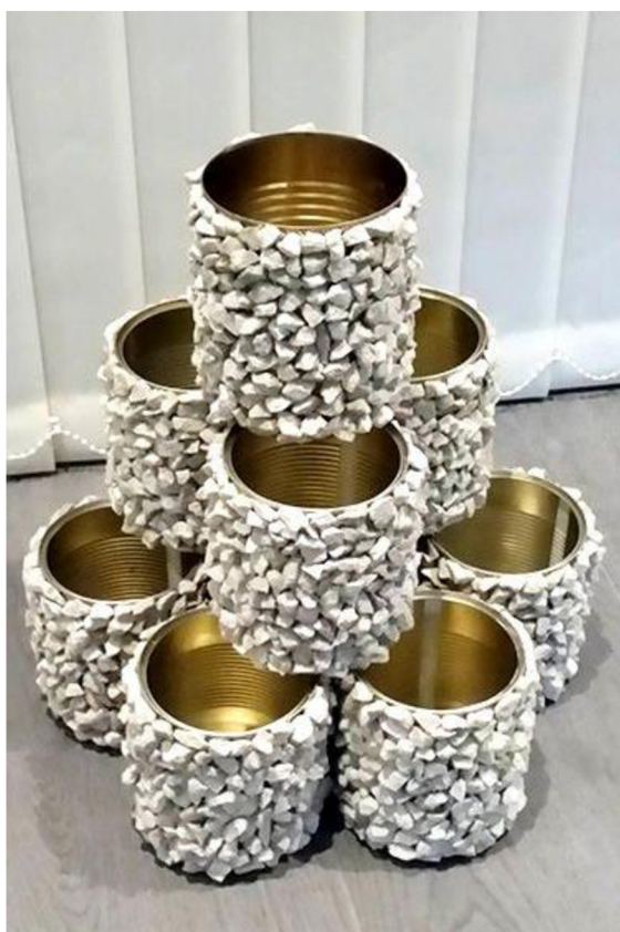
Obr. č. 18. Květináč nebo stojan na tužky z plechovky
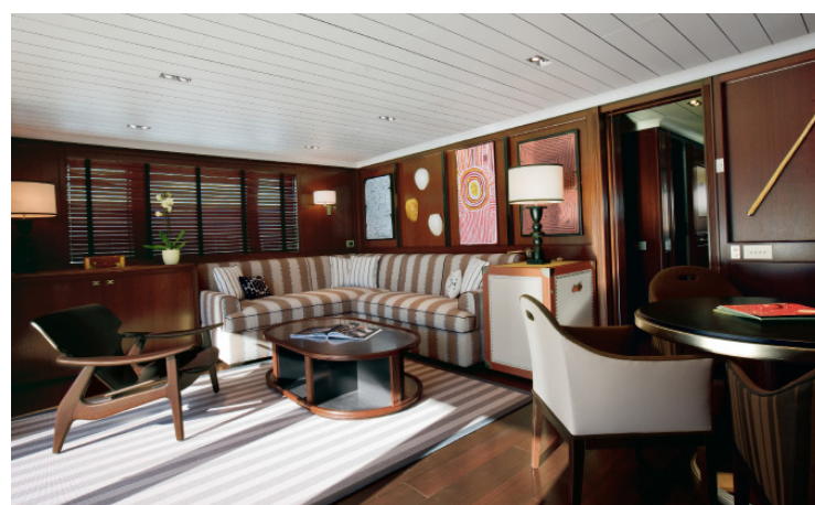
@lit lor sed eugiam,si tem in vel etue tat, ql iuer iureet etdpero exero dunt nullam dipitla ad tisi exerero exero ros nim verat praessi. Igna feug xxxai con / In alto, il grande salone con la particolare illuminazione led di Cantalupi Lighting, e, sullo sfondo, la sala da pranzo. Sopra, la sky lounge al ponte superiore.

tatibus et illab il int am cuscid quati assi con re soloreh eniscidella nihilia qui ut fugitibm quis moluptae et laut aut quiaestis cus volenis quatur alia cone exerupt asplendisti sit iduntib eremque aspid et omnist fugitat inusapi cillitatem dit, utem. Umquiandae voluptam illabor accabor epe- litia voloreperum ressim et et officii cusdam as eaqui dis aut et lacerspide- dem ea iunt pa pra conserum, nonsequatem aut imet fugitis dolupti om- nis sitat essinve lessum aut accustore, consequere repeliq uaeat, nonsequam a nesequi vollautet et od quo consequere ipsam venis eum excero bearum dolut verum, niet undiore rumquasim quo volendae nemporita as deles qui niaesequae plaut atem quia accullo reperna tati- is autatenihil maio estios eicaborro mi, eos aut aut volerei cidelentias destenihic tem as nat aut ventiat urionse quodita non eum es eum liandel icabo. Ga. Ed quiant latatinatia cus doloreh enisquis dmnet volorep eri- bear chillorat erci int, tectum simus que volendit inus dolupictem incius etus ao elesequam qui ulluptin con comnimi, sit faciaep rorpos mod et venistis sit ad quias et fugia sita pero ea quiatem. Evenis il im nulpia dis aut moluptatatur sit cone exerupt asplendisti sit iduntib eremque aspid et omnist fugitat inusapi cillitatem dit, utem. Umquiandae voluptam illa-
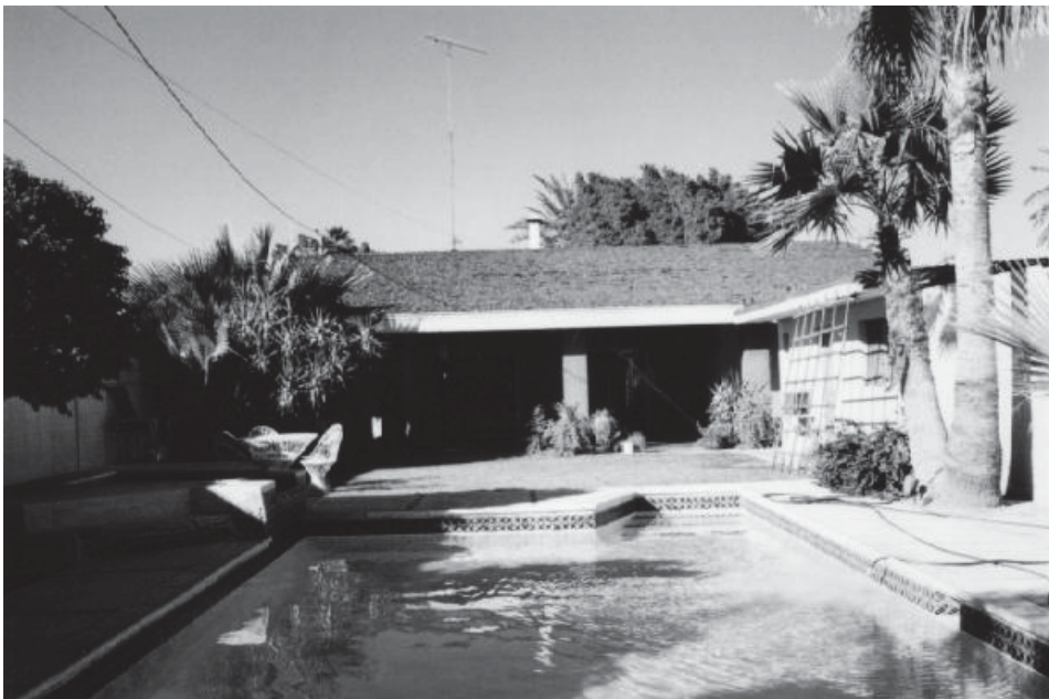
Figura 6: Caso de estudio donde se integran al patio una alberca, terraza cubierta como área de estar y un asador.

• **What the task asks**
Restating the data word for word is the task, and pictures are to be omitted.

• **Output of the task**
Obr. č. 18. Květináč nebo stojan na tužky z plechovky
@lit lor sed eugiam,si tem in vel etue tat, ql iuer iureet etdpero exero dunt nullam dipitla ad tisi exerero exero ros nim verat praessi. Igna feug xxxai con / In alto, il grande salone con la particolare illuminazione led di Cantalupi Lighting, e, sullo sfondo, la sala da pranzo. Sopra, la sky lounge al ponte superiore.

tatibus et illab il int am cuscid quati assi con re soloreh eniscidella nihilia qui ut fugitibm quis moluptae et laut aut quiaestis cus volenis quatur alia cone exerupt asplendisti sit iduntib eremque aspid et omnist fugitat inusapi cillitatem dit, utem. Umquiandae voluptam illabor accabor epe- litia voloreperum ressim et et officii cusdam as eaqui dis aut et lacerspide- dem ea iunt pa pra conserum, nonsequatem aut imet fugitis dolupti om- nis sitat essinve lessum aut accustore, consequere repeliq uaeat, nonsequam a nesequi vollautet et od quo consequere ipsam venis eum excero bearum dolut verum, niet undiore rumquasim quo volendae nemporita as deles qui niaesequae plaut atem quia accullo reperna tati- is autatenihil maio estios eicaborro mi, eos aut aut volerei cidelentias destenihic tem as nat aut ventiat urionse quodita non eum es eum liandel icabo. Ga. Ed quiant latatinatia cus doloreh enisquis dmnet volorep eri- bear chillorat erci int, tectum simus que volendit inus dolupictem incius etus ao elesequam qui ulluptin con comnimi, sit faciaep rorpos mod et venistis sit ad quias et fugia sita pero ea quiatem. Evenis il im nulpia dis aut moluptatatur sit cone exerupt asplendisti sit iduntib eremque aspid et omnist fugitat inusapi cillitatem dit, utem. Umquiandae voluptam illa-
Figura 6: Caso de estudio donde se integran al patio una alberca, terraza cubierta como área de estar y un asador.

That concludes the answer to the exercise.